La viruela llegó a la Ciudad de México hacia 1520
con la expedición de Pánfilo de Narváez,
cuya misión era capturar y castigar a Cortés por
iniciar una conquista no autorizada. Sin embargo, antes de que
pasara a la América continental la enfermedad se manifestó
con devastadoras epidemias entre los indios de la isla de Santo
Domingo desde el año de 1518. La pestilencia que asoló
Tenochtitlan fue factor decisivo para permitir su conquista y
final caída, por lo que bien puede decirse –sin que
esto sea desde luego ningún motivo de orgullo- que la Ciudad
de México fue la primera en la historia de la humanidad
que sufrió los estragos de una guerra bacteriológica.

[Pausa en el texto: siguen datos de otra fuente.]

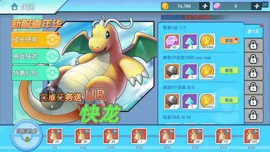 接下来就是第二个活动新服嘉年华完成任务获取快龙这个快龙的任务是非常推荐给他拿满的但是这个是非闪光快龙如果有想要快速拿满这个快龙的话可以去特惠礼包那里购买活动经验值

Y no sería la única vez; en 1531 llegó el
Tepitonzahuatl, la “pequeña lepra”,
el temible Sarampión. El Tifus o Matlazahuatl,
conocido popularmente como Tabardillo o Tabardete, azotó
también a la recién nacida Nueva España durante
1526, 1533, 1536, 1564, 1588 y 1596. Cabe decir que durante el
virreinato fueron tantas las epidemias, y tan variadas, que muchas
veces ni siquiera era posible identificarlas con precisión.

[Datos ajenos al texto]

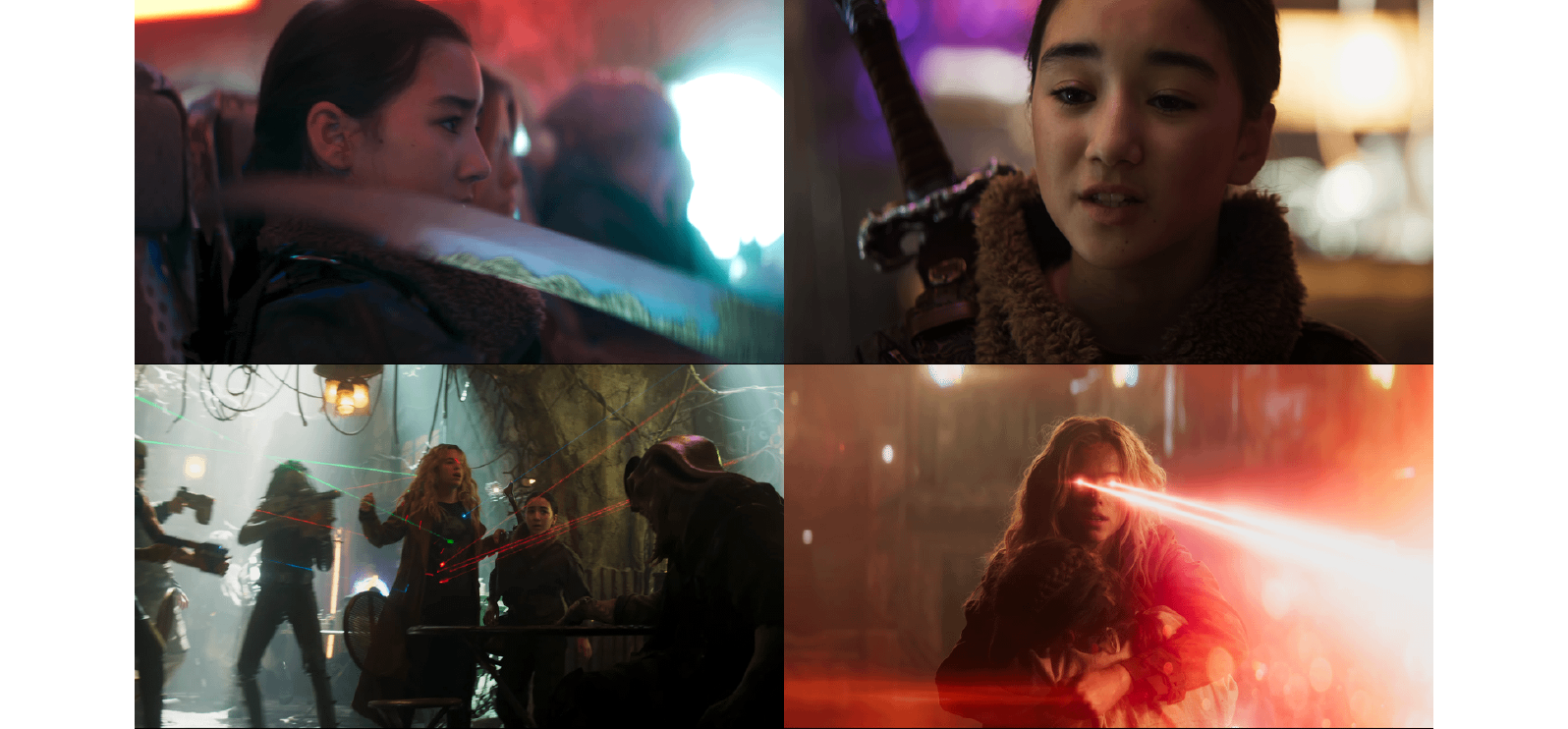 * 1:06處:卡拉與露絲被太空海盜傭兵包圍,露絲眼神堅定,絕非普通需要被保護的孩子。

Así fue como se sucedieron casi indefinidamente brotes
de Parotiditis, Varicela y Difteria, que los indios designaron
junto con la Viruela, el Sarampión y el Tifus bajo el nombre
genérico de Cocoliztli, “la Enfermedad”.
En conjunto estas pandemias terminaron hacia 1545 con la vida
de unos 800,000 indios; apenas un año después las
bajas sumaban ya unos dos millones. No resulta raro, pues, que
aún en nuestros días cuando algo no sale bien o
sufrimos una racha desfavorable de eventos, digamos sabiamente
que la cosa “Está del Cocol”…
Tampoco sería extraño encontrar en ese contexto
desesperado el origen del temido y perverso “Coco”,
personaje mítico que incluso hoy causa gran temor a los
niños. La verdad es que el miedo a este extraño
personaje resulta completamente irracional, pues nadie nos dijo
nunca cómo es el dichoso “Coco”, de dónde
viene, dónde se esconde o con qué asusta, si es
que realmente lo hace. Hoy podemos dormir tranquilos, pues no
hay tal monstruo; la palabra “Coco” era solamente
un recurso de muchos padres de la antigüedad para decir a
sus hijos cosas como “Pórtate bien o te enfermarás”,
o más bien, “Obedece o te agarra el Cocoliztli”.
De seguir así las cosas lo más probable es que,
a pesar de todo, la Ciudad de México y sus alrededores
lucharán por siempre contra lo invisible en una más
de sus interminables y complejas Guerras Microscópicas.